Authored by Dr. Niteesh Bharara, MD. December 2, 2020

Many patients find that their pain symptoms are not fully relieved by surgery, and continue to experience the chronic pain they felt pre-surgery. This can be an incredibly difficult and frustrating process and can get in the way of your life. There’s a new treatment process that is minimally invasive and can be a permanent pain reliever for those who have tried almost everything: neuromodulation. 

Neuromodulation is a type of therapy that can treat shoulder, neck, knee, and back pain for those suffering after prior surgery. Neuromodulation acts directly upon nerves to alter nerve activity and stop the pain in the patient. It is used to treat patients who have tried almost everything else and suffer from chronic pain from a variety of conditions such as epilepsy, spinal injuries, or general persistent pain. For those having this done in their spine, it is referred to as a spinal cord stimulator.  The goal of neuromodulation, or a spinal cord stimulator, is to reduce patients’ pain by at least half and is considered a long-term treatment if successful. Neuromodulation is a great option for chronic pain sufferers looking for permanent relief from their knee, shoulder, or back pain.

Benefits of Neuromodulation: 

  • Alleviate symptoms when there is no surgical treatment
  • A small, minimally invasive procedure that is lower risk than having surgery
  • Involves a trial to see how effective the stimulator is prior to implantation
  • Can be very effective for chronic nerve damage

How is neuromodulation performed in the spine?

While under mild sedation, two small wires are placed through needles under the skin and near the spine.  This is precisely placed using image guidance to ensure accuracy and safety.  There are no incisions as the wires are placed through the skin using only a needle.  These wires will stay in place for a total of 7 days to let you see if the device is interrupting the pain.  If the trial is successful and the majority of pain is improved, the device will then be permanently placed.

What is the recovery time? 

There is no recovery time after the trial portion. You are back to regular activities immediately. After the permanent portion of the spinal cord stimulator implant, there is light duty for approximately 6 weeks to ensure complete healing.

What makes neuromodulation a good option for patients with chronic pain? 

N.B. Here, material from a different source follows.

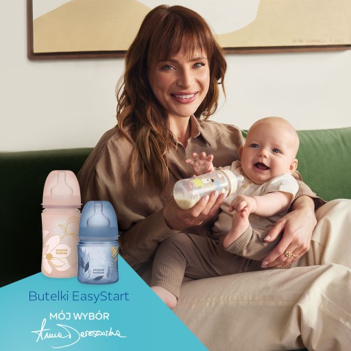 Butelki EasyStart to po prostu łatwy start w karmieniu butelką. Smoczek został wykonany z miękkiego i hipoalergicznego silikonu, dzięki czemu jest bardzo wytrzymały, nie odkształca się, nie wysycha i nie odbarwia. Jest bezzapachowy i bezsmakowy, co ułatwia akceptację butelki przez dziecko, a jego kształt przypomina pierś mamy, umożliwiając karmienie naprzemienne – karmienie piersią i butelką. Aż 90% położnych poleca smoczek do butelki EasyStart.*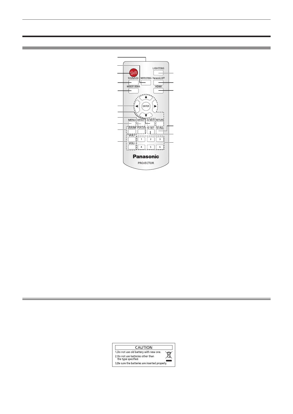 f Observe the following instructions that are indicated on the caution label at the back of the remote control:

Spinal cord stimulation and neuromodulation is a great option when other options such as injections and surgery have failed to provide the relief that is needed.  This is a great option for many people suffering from pain after surgery or with other neurologic issues.  The device works well for back, neck, arm, or leg pain.

Neuromodulation or spinal cord stimulator is a great option for those who have tried surgery and other treatment options, and haven’t found the right fit to make them pain-free. If you suffer from chronic neuropathic pain, spinal cord stimulation may enable you to control and relieve your pain. Board-certified Pain Specialists at Virginia Spine Institute can determine if this is an appropriate option for you to help improve your life. Schedule an appointment with a spine specialist today to discuss treatment options. 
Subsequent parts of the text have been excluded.